═══ EXERCISE MATERIALS ═══

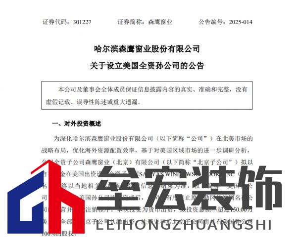 2月25日,森鷹窗業(yè)(301227.SZ)發(fā)布公告稱,為深化公司在北美市場的戰(zhàn)略布局,優(yōu)化海外資源配置效率,基于對美國區(qū)域市場的進一步調(diào)研分析,公司全資子公司森鷹窗業(yè)(北京)有限公司(簡稱“北京子公司”)擬以自有資金在美國出資設(shè)立全資子公司SAYYAS WINDOWS & DOORS INC(暫定名,最終以當(dāng)?shù)叵嚓P(guān)部門核準(zhǔn)登記信息的結(jié)果為準(zhǔn),簡稱“美國孫公司”)。 本次美國孫公司注冊完成后,公司將有序終止原俄勒岡州的同名孫公司的運營并申請注銷程序。本次投資為貨幣出資,擬投資總額不超過150.00萬美元,全部由北京子公司認繳出資,注冊完畢后北京子公司將持有美國孫公司100%的股權(quán)。 針對設(shè)立全資孫公司的目的,森鷹窗業(yè)表示,主要是基于公司對美國區(qū)域市場的進一步調(diào)研分析,對美國公司架構(gòu)進行戰(zhàn)略調(diào)整。本次美國孫公司擬設(shè)立在休斯頓市,休斯頓作為美國第四大城市及重要交通樞紐,建筑相關(guān)企業(yè)聚集,墨西哥灣沿岸區(qū)位優(yōu)勢顯著,在市場基礎(chǔ)、地理位置、物流成本及營商環(huán)境等方面更具綜合性優(yōu)勢,有利于美國孫公司更好的進行市場拓展,獲取客戶及合作伙伴,加快本土化運營進程,進而促進公司在北美市場的整體戰(zhàn)略布局。 |
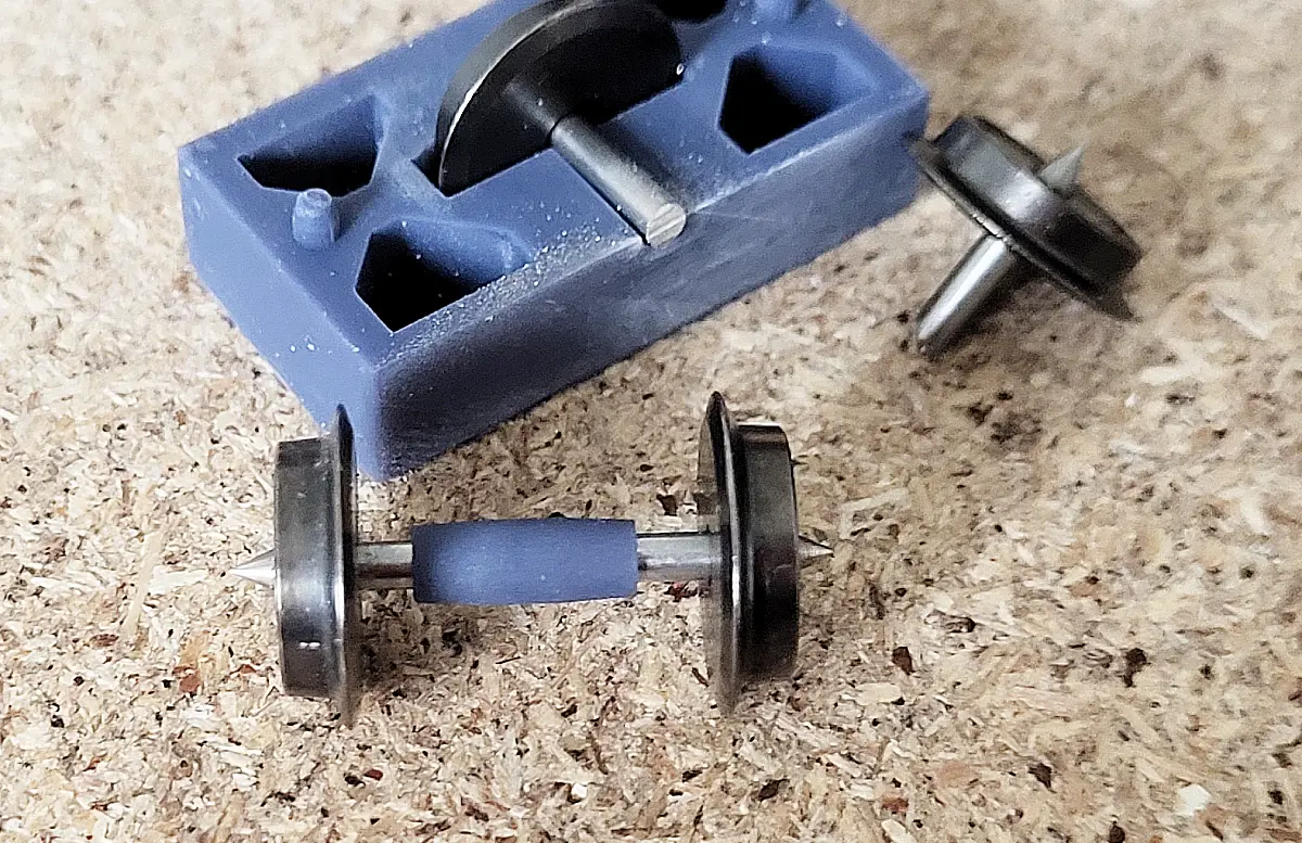 For current pickup I wanted to experiment with ways to increase number of contact points to a maximum, i.e. make each wheel (not wheelset) a pickup. For this, I used "AC" wheelsets, where "AC" means "for 3 rail Marklin system". In these wheelsets both wheel are electrically connected to the axle (compaed to DC wheelsets where one wheel is isolated from it). I cut the axle in half, 3D printed a joiner and connected the halves, so that pickup can happen on axle from both sides of the joiner. The pickups themselves are makde from phosphor copper bronze wire of 0.4mm. (I want to try phosphor bronze sheet later).
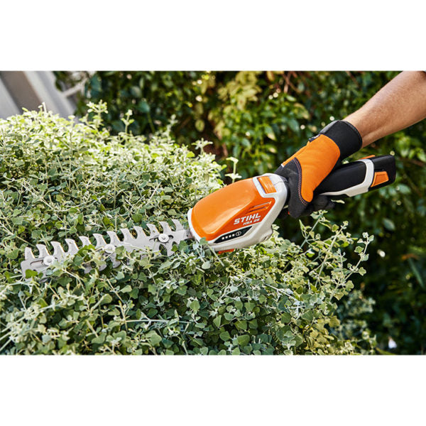 Prerëse gardhesh me bateri HSA 26, e lehtë dhe kompakte, ideale për prerjen dhe mirëmbajtjen e degëve të vogla në pemë dhe bimë me gjethe të imëta. Tehet prerëse janë të dizajnuara me teknologjinë STIHL për prerje efikase dhe të lehtë. Pajisur me prerëse bari për skajet e lëndinës dhe dorezë kundër rrëshqitjes për përdorim ergonomik. Ndryshimi i teheve bëhet shpejt pa mjete shtesë, ndërsa treguesi i baterisë tregon kapacitetin në çdo moment. Përfshin baterinë AS 2, karikuesin AL 1, tehet prerëse dhe çantën mbajtëse.
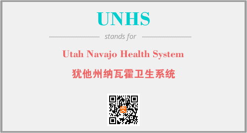上述内容是“Utah Navajo Health System”作为“UNHS”的缩写,解释为“犹他州纳瓦霍卫生系统”时的信息,以及英文缩略词UNHS所代表的英文单词,其对应的中文拼音、详细解释以及在英文中的流行度和相关分类、应用领域及应用示例等。
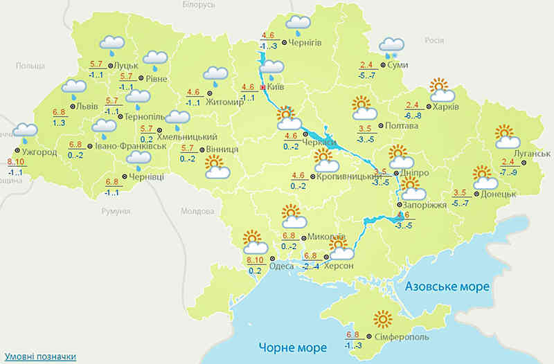 Цей холодний атмосферний фронт насувається в наш край із Польщі. У нашій області можливі дощі, а також і мокрий сніг.
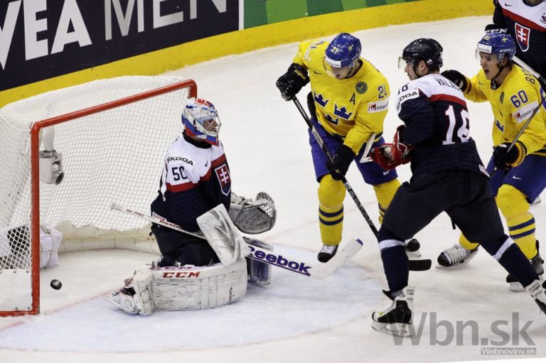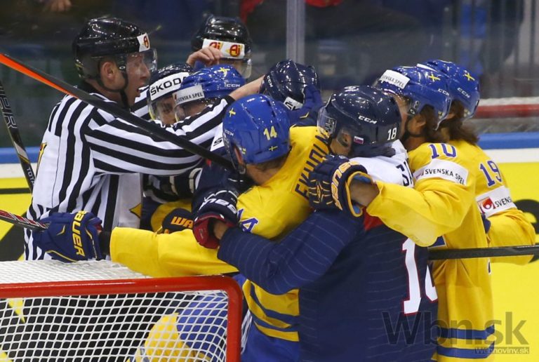 Súboj švédskych a slovenských hokejistov počas piatkového zápasu na svetovom šampionáte v Minsku. Foto: SITA/AP
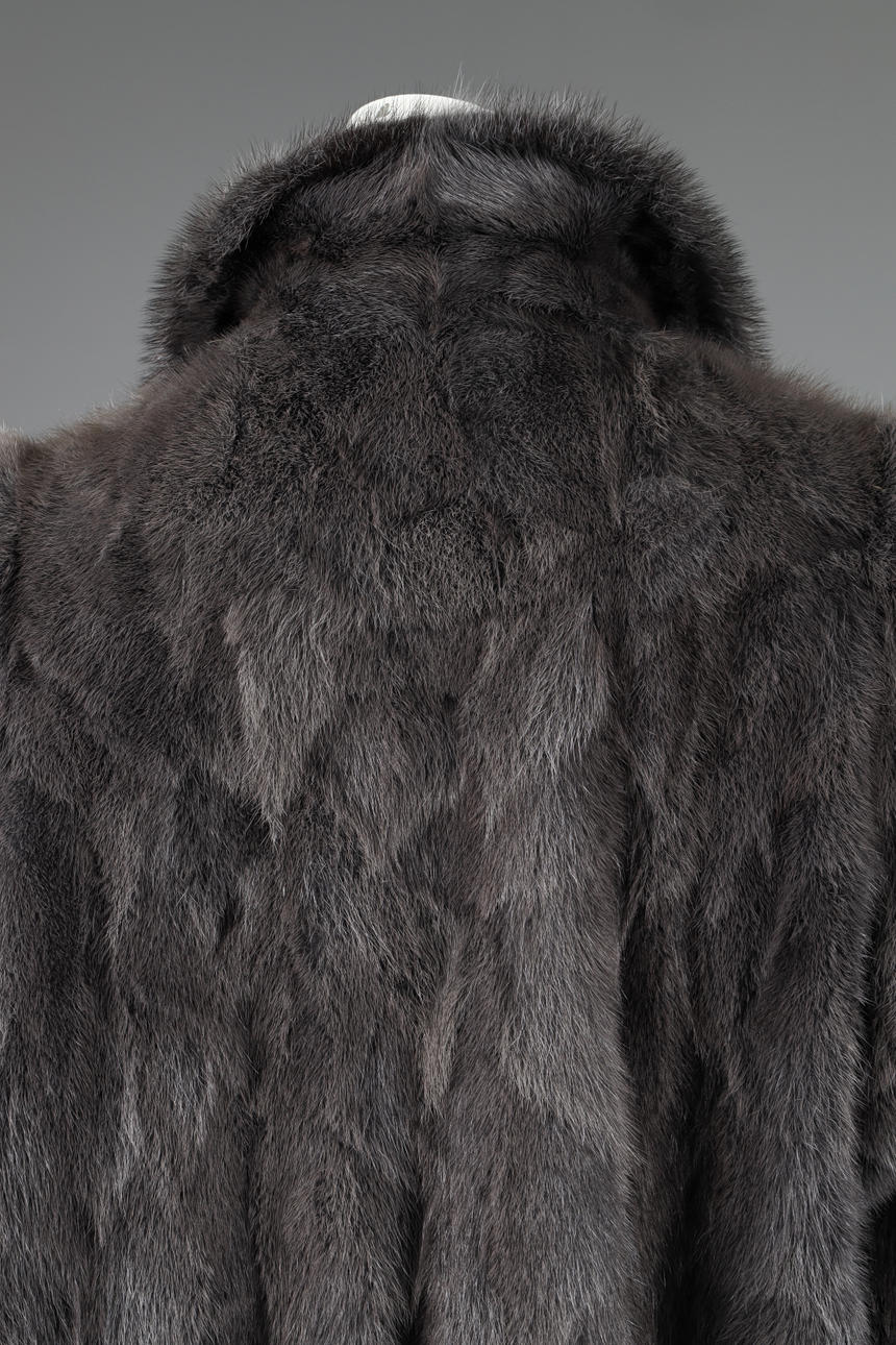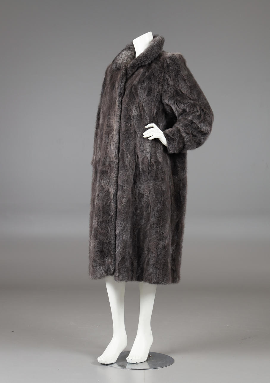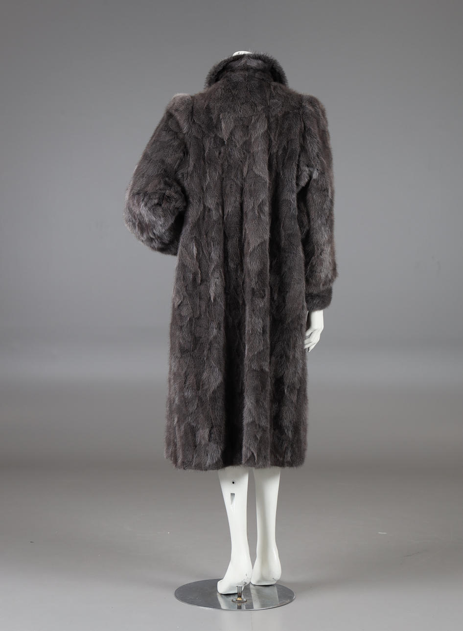 Abrigo de visón gris plateado, talla 40/42 aprox., abotonado delante con bolsillos, largo de espalda aprox. 110 cm, ancho del busto aprox. 115 cm.
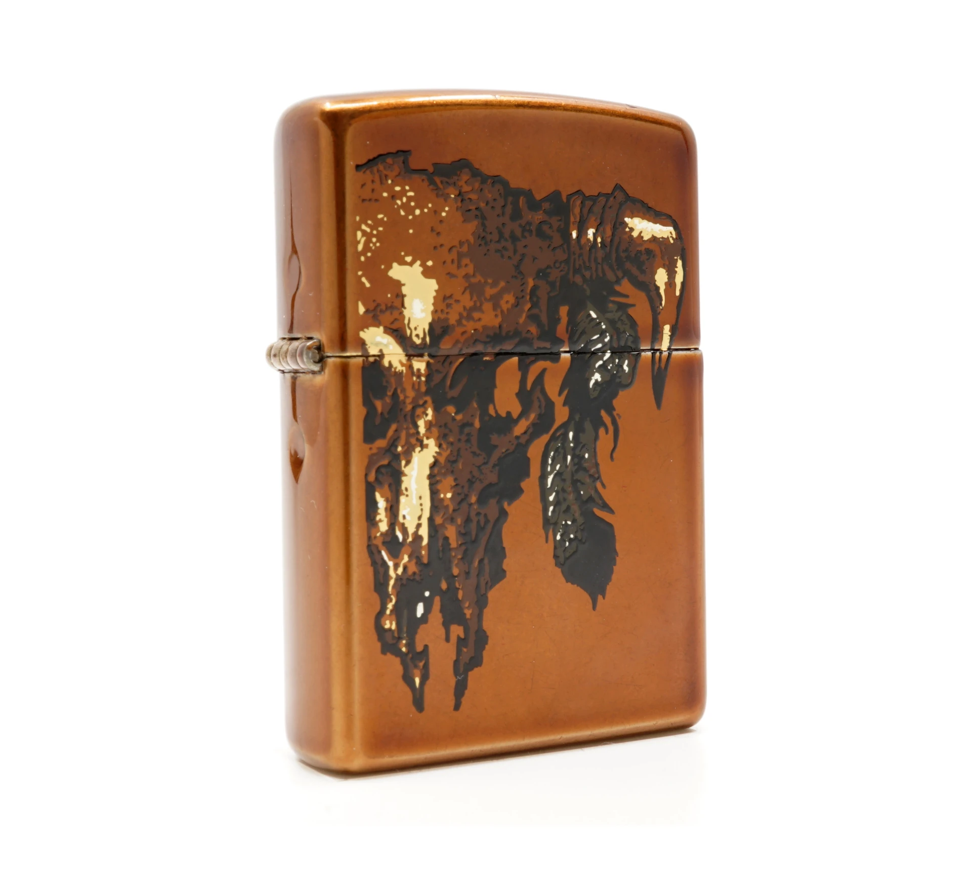 | Motief | Een Zippo aansteker in de minder bekende Toffee kleur met daarop een indiaanse doodskop geprint. |

═══

(WHAT IS REQUIRED)
From the line containing "Súboj švédskych a" to the end of the listing, restate each line word for word and nothing more; the pictures stay out.

(PROBLEM SOLUTION)
 Súboj švédskych a slovenských hokejistov počas piatkového zápasu na svetovom šampionáte v Minsku. Foto: SITA/AP
 Abrigo de visón gris plateado, talla 40/42 aprox., abotonado delante con bolsillos, largo de espalda aprox. 110 cm, ancho del busto aprox. 115 cm.
 | Motief | Een Zippo aansteker in de minder bekende Toffee kleur met daarop een indiaanse doodskop geprint. |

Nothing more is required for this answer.